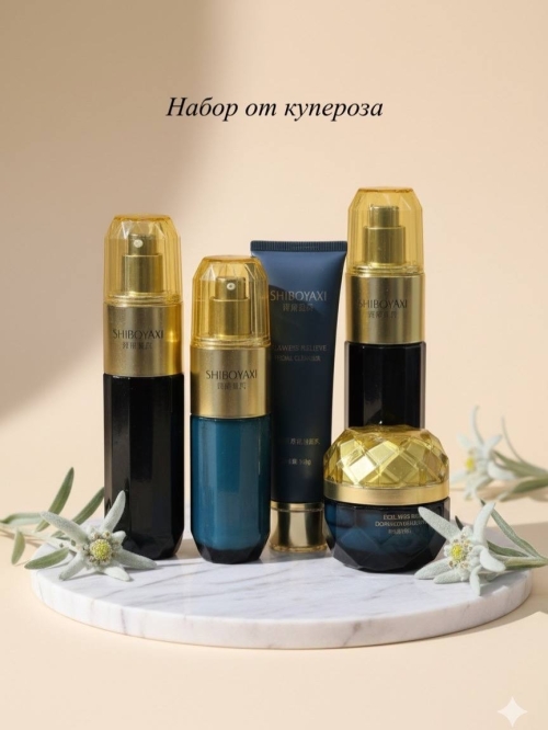 №3586 Набор от купероза Экстракт эдельвейса содержит антиоксиданты, противовоспалительные и защитные вещества, которые помогают:
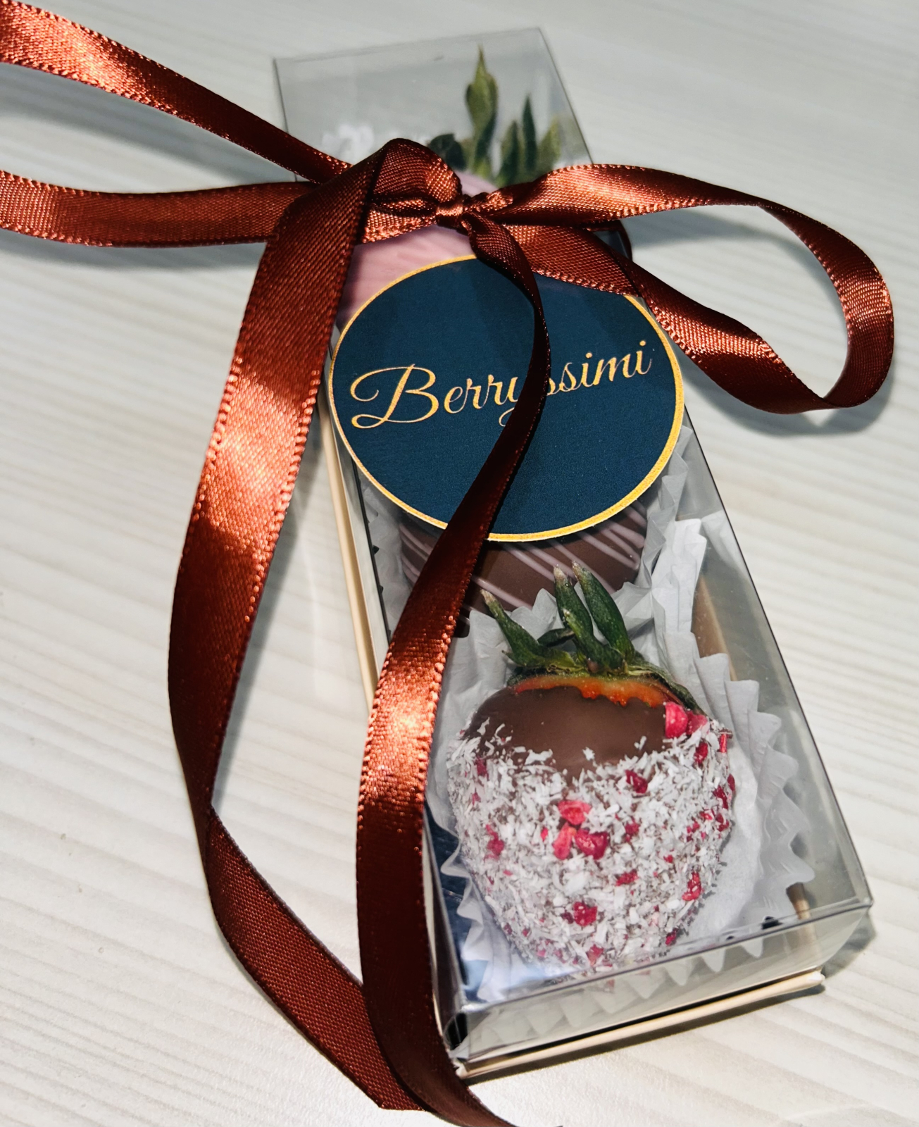 Descriere: Transformă evenimentul tău într-o experiență memorabilă cu aceste mărturii fine din căpșuni proaspete, îmbrăcate în ciocolată premium și decorate cu detalii delicate. Un simbol al iubirii și rafinamentului, aceste delicii personalizabile sunt detaliul unic perfect pentru a oferi un cadou de neuitat invitaților la nunți, botezuri sau aniversări.
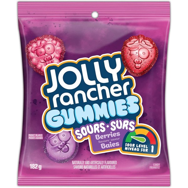 Get ready to experience the perfect balance of sweet and sour with Jolly Rancher Gummies Sours in irresistible berry flavors! Each 182g (6.4 oz) bag is packed with chewy, flavorful gummies that deliver a burst of tart and sugary goodness in every bite. These mouthwatering gummies are perfect for satisfying your candy cravings, whether you're on the go or at home.
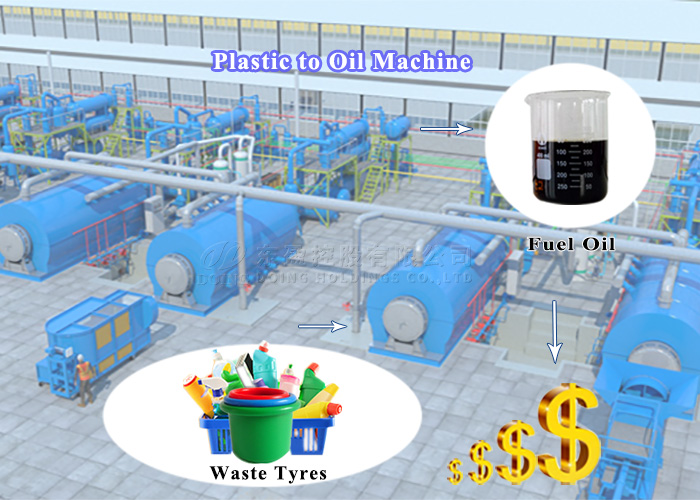 As we mentioned above, the most effective way to dispose of white pollution is to convert it into fuel oil. Plastics are actually polymerized by small molecules in petroleum, therefore, waste plastics pyrolysis plant can convert plastics into fuel oil through pyrolysis. Pyrolysis occurs under high temperature and oxygen-free conditions, so the pyrolysis process will not pollute the environment. The technological process of Henan Doing Waste Plastics Pyrolysis Plant is to send waste plastics into the pyrolysis reactor and use fuel to heat the reactor; when the waste plastics are pyrolyzed into oil gas, the oil gas is cooled into fuel oil by four-stage cooling system. The entire production process is safe, environmentally friendly and pollution-free.
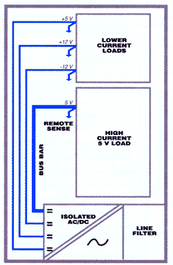 Структурные типы систем питания показаны на рис. 2а (централизованная система) и рис. 2б (распределенная система). Повышение напряжения на общей шине распределенной системы до 40...60 В вместо 5 В снижает на порядок величину тока. Это упрощает конструкцию шины, системной объединительной платы и устройств подачи напряжения к печатным платам.
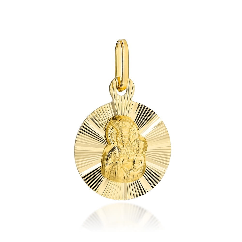 Medalik złoty Matka Boska Częstochowska w kółku z promieniami
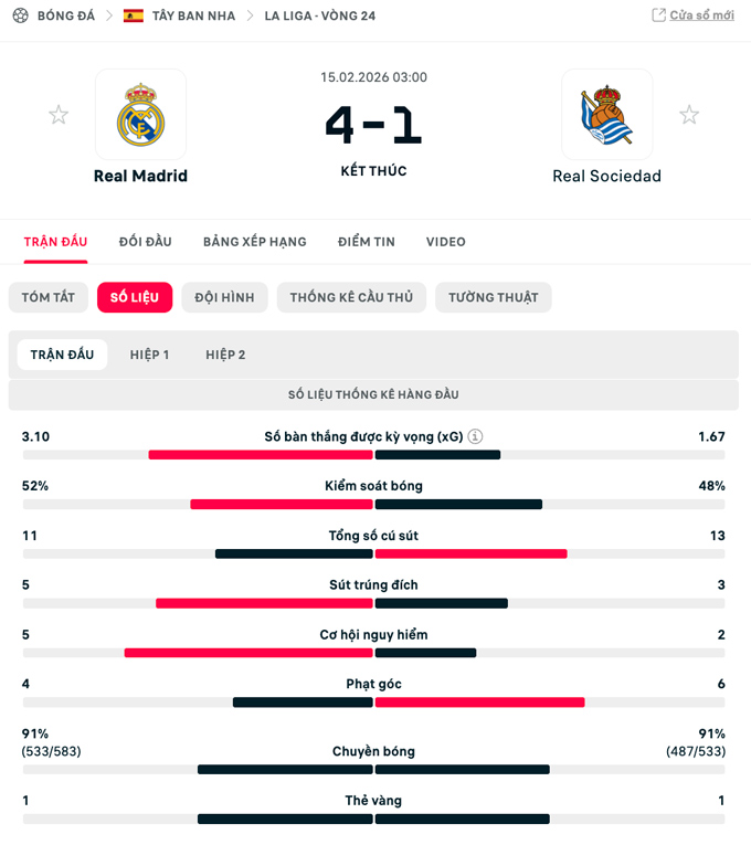 Kết quả cuối cùng của trận đấu này là 4-1, Real Madrid tạm lên đầu bảng La Liga với 2 điểm nhiều hơn Barca, đội sẽ đối đầu với Girona vào lúc 3h ngày 17/2)
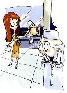 一位女士上医院看病,挂号处的工作人员问:“请问姓名?”女士说:“方平。”工作人员听后,不假思索就将名字写上,不过,他把“方”字上的一点写得很小。

☆ ☆ ☆ ☆ ☆ ☆ ☆

Your objective - Every record above should be duplicated precisely, with the images removed.

Answer area -
 №3586 Набор от купероза Экстракт эдельвейса содержит антиоксиданты, противовоспалительные и защитные вещества, которые помогают:
 Descriere: Transformă evenimentul tău într-o experiență memorabilă cu aceste mărturii fine din căpșuni proaspete, îmbrăcate în ciocolată premium și decorate cu detalii delicate. Un simbol al iubirii și rafinamentului, aceste delicii personalizabile sunt detaliul unic perfect pentru a oferi un cadou de neuitat invitaților la nunți, botezuri sau aniversări.
 Get ready to experience the perfect balance of sweet and sour with Jolly Rancher Gummies Sours in irresistible berry flavors! Each 182g (6.4 oz) bag is packed with chewy, flavorful gummies that deliver a burst of tart and sugary goodness in every bite. These mouthwatering gummies are perfect for satisfying your candy cravings, whether you're on the go or at home.
 As we mentioned above, the most effective way to dispose of white pollution is to convert it into fuel oil. Plastics are actually polymerized by small molecules in petroleum, therefore, waste plastics pyrolysis plant can convert plastics into fuel oil through pyrolysis. Pyrolysis occurs under high temperature and oxygen-free conditions, so the pyrolysis process will not pollute the environment. The technological process of Henan Doing Waste Plastics Pyrolysis Plant is to send waste plastics into the pyrolysis reactor and use fuel to heat the reactor; when the waste plastics are pyrolyzed into oil gas, the oil gas is cooled into fuel oil by four-stage cooling system. The entire production process is safe, environmentally friendly and pollution-free.
 Структурные типы систем питания показаны на рис. 2а (централизованная система) и рис. 2б (распределенная система). Повышение напряжения на общей шине распределенной системы до 40...60 В вместо 5 В снижает на порядок величину тока. Это упрощает конструкцию шины, системной объединительной платы и устройств подачи напряжения к печатным платам.
 Medalik złoty Matka Boska Częstochowska w kółku z promieniami
 Kết quả cuối cùng của trận đấu này là 4-1, Real Madrid tạm lên đầu bảng La Liga với 2 điểm nhiều hơn Barca, đội sẽ đối đầu với Girona vào lúc 3h ngày 17/2)
 一位女士上医院看病,挂号处的工作人员问:“请问姓名?”女士说:“方平。”工作人员听后,不假思索就将名字写上,不过,他把“方”字上的一点写得很小。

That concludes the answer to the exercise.